The WEKA system can be configured as an SSD-only or data management system consisting of SSDs and object stores. By nature, SSDs provide high performance and low latency storage, while object stores compromise performance and latency but are the most cost-effective solution available for storage.

Consequently, users focused on high performance only must consider using an SSD-only WEKA system configuration, while users seeking to balance performance and cost must consider a tiered data management system, with the assurance that the WEKA system features control the allocation of hot data on SSDs and warm data on object stores, thereby optimizing the overall user experience and budget.

In SSD-only configurations, the WEKA system sometimes uses an external object store for backup. For more details, see Snap-To-Object.

Guidelines for data storage in tiered WEKA system configurations

In tiered WEKA system configurations, there are various locations for data storage as follows:

  • Metadata is stored only on SSDs.

  • Writing new files, adding data to existing files, or modifying the content of files is permanently terminated on the SSD, irrespective of whether the file is stored on the SSD or tiered to an object store.

  • When reading the content of a file, data can be accessed from either the SSD (if it is available on the SSD) or promoted from the object store (if it is not available on the SSD).

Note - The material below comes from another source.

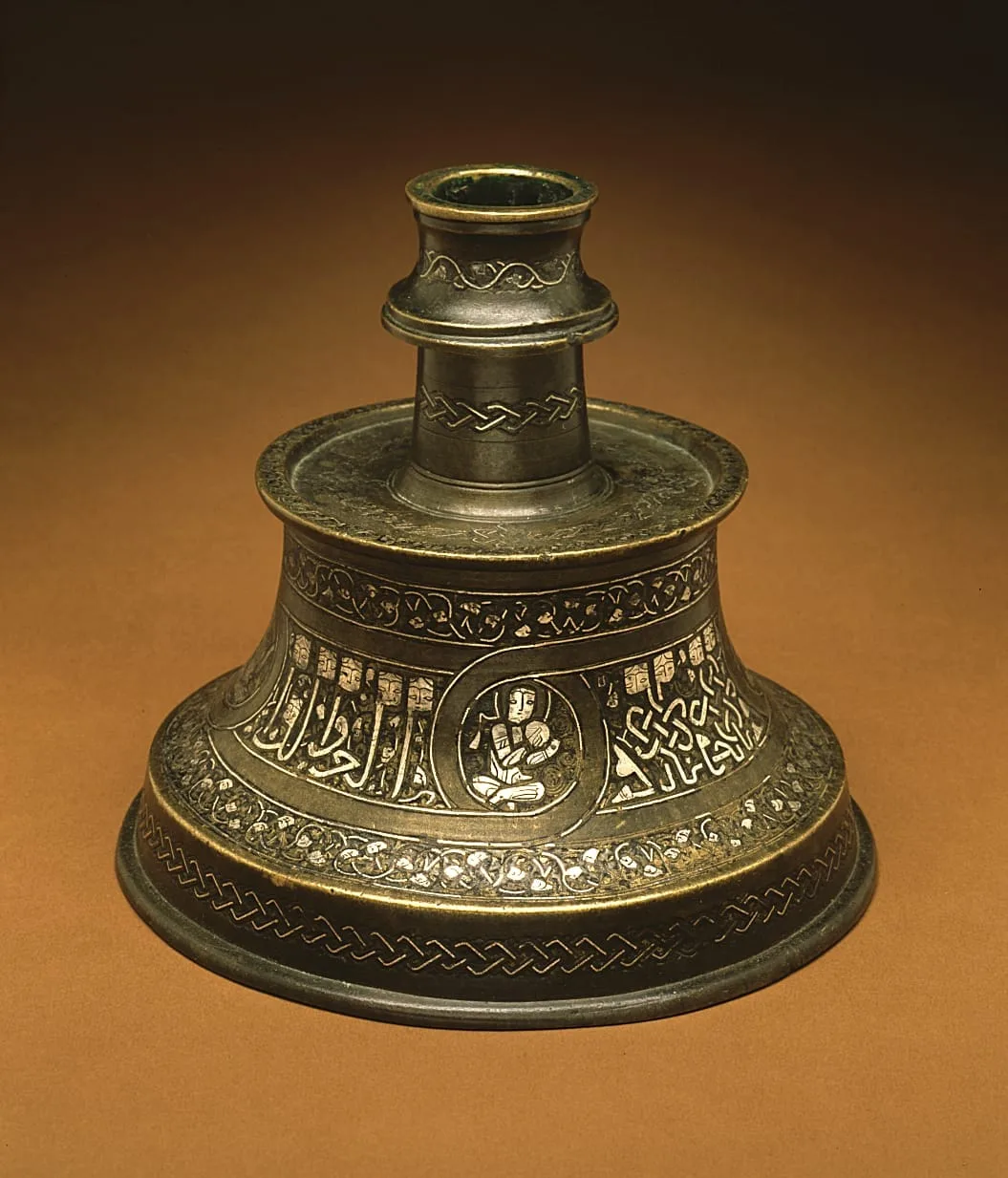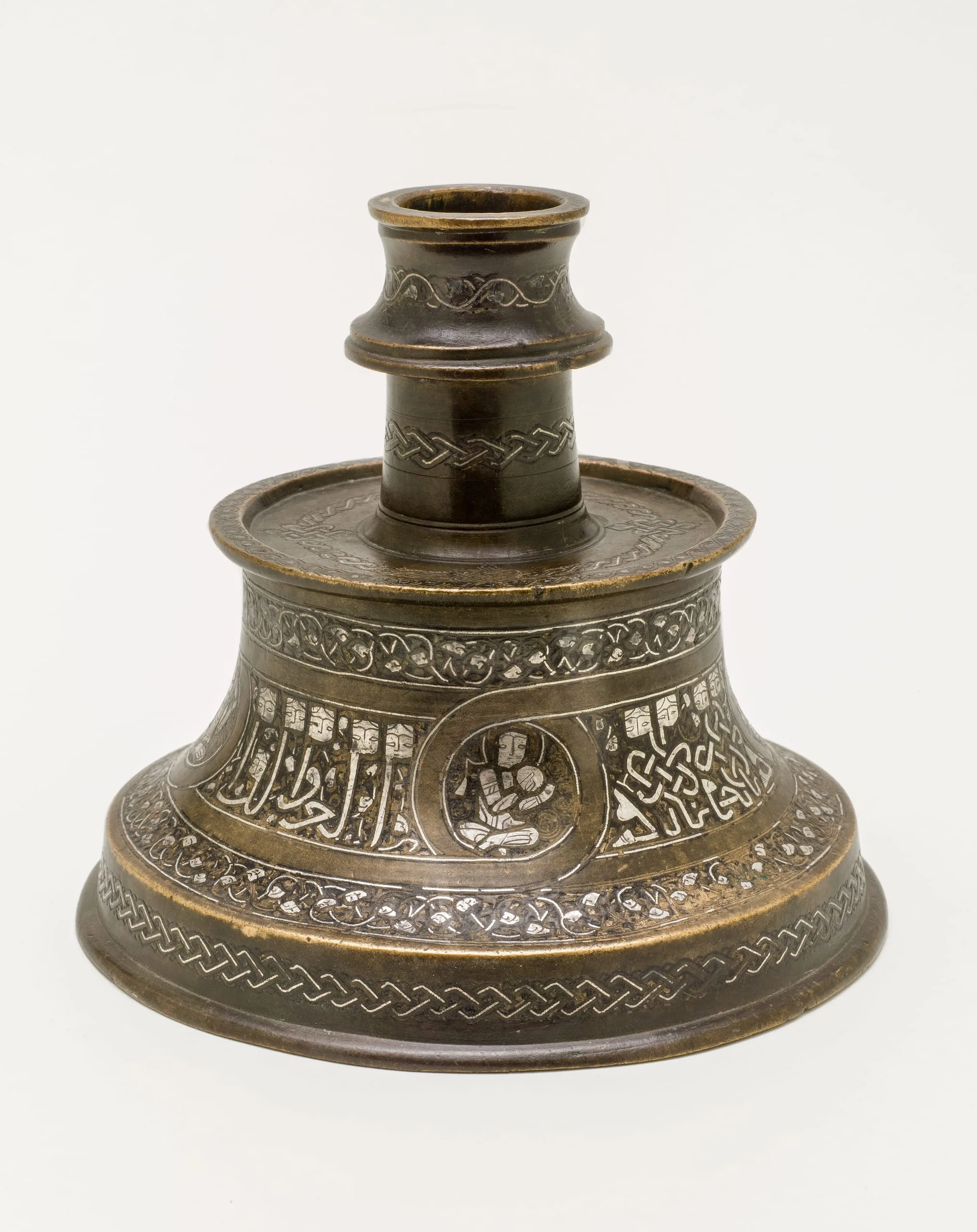 Sometime toward the middle of the twelfth century, the metalwork industry in Iran underwent a major transformation that was to be of signal importance for its history. Bronze and brass objects were decorated with silver, and/or copper or gold inlay of figural imagery, including scenes of pleasure and pastime, and inscriptions in a variety of scripts offering good wishes to a generally unnamed owner. At its base, this silver-inlaid candlestick is circumscribed by a band of alternating medallions and epigraphic cartouches filled with animated inscriptions in which stylized faces surmount the shafts of the vertical letters or are arranged along the top of the text. Each of the four medallions encloses an image of a musician or a seated reveler, motifs associated with a feast.

This data management approach to data storage on one of two possible media requires system planning to ensure that the most commonly used data (hot data) resides on the SSD to ensure high performance. In contrast, less-used data (warm data) is stored on the object store.

In the WEKA system, this determination of the data storage media is an entirely seamless, automatic, and transparent process, with users and applications unaware of the transfer of data from SSDs to object stores or from object stores to SSDs.

The data is always accessible through the same strongly-consistent POSIX filesystem API, irrespective of where it is stored. The actual storage media affects only latency, throughput, and IOPS.

Furthermore, the WEKA system tiers data into chunks rather than complete files. This enables the intelligent tiering of subsets of a file (and not only complete files) between SSDs and object stores.

The network resources allocated to the object store connections can be controlled. This enables cost control when using cloud-based object storage services since the cost of data stored in the cloud depends on the quantity stored and the number of requests for access made.

States in the WEKA system data management storage process

Data management represents the media being used for the storage of data. In tiered WEKA system configurations, data can exist in one of three possible states:

  • SSD-only: When data is created, it exists only on the SSDs.

  • SSD-cached: A tiered copy of the data exists on both the SSD and the object store.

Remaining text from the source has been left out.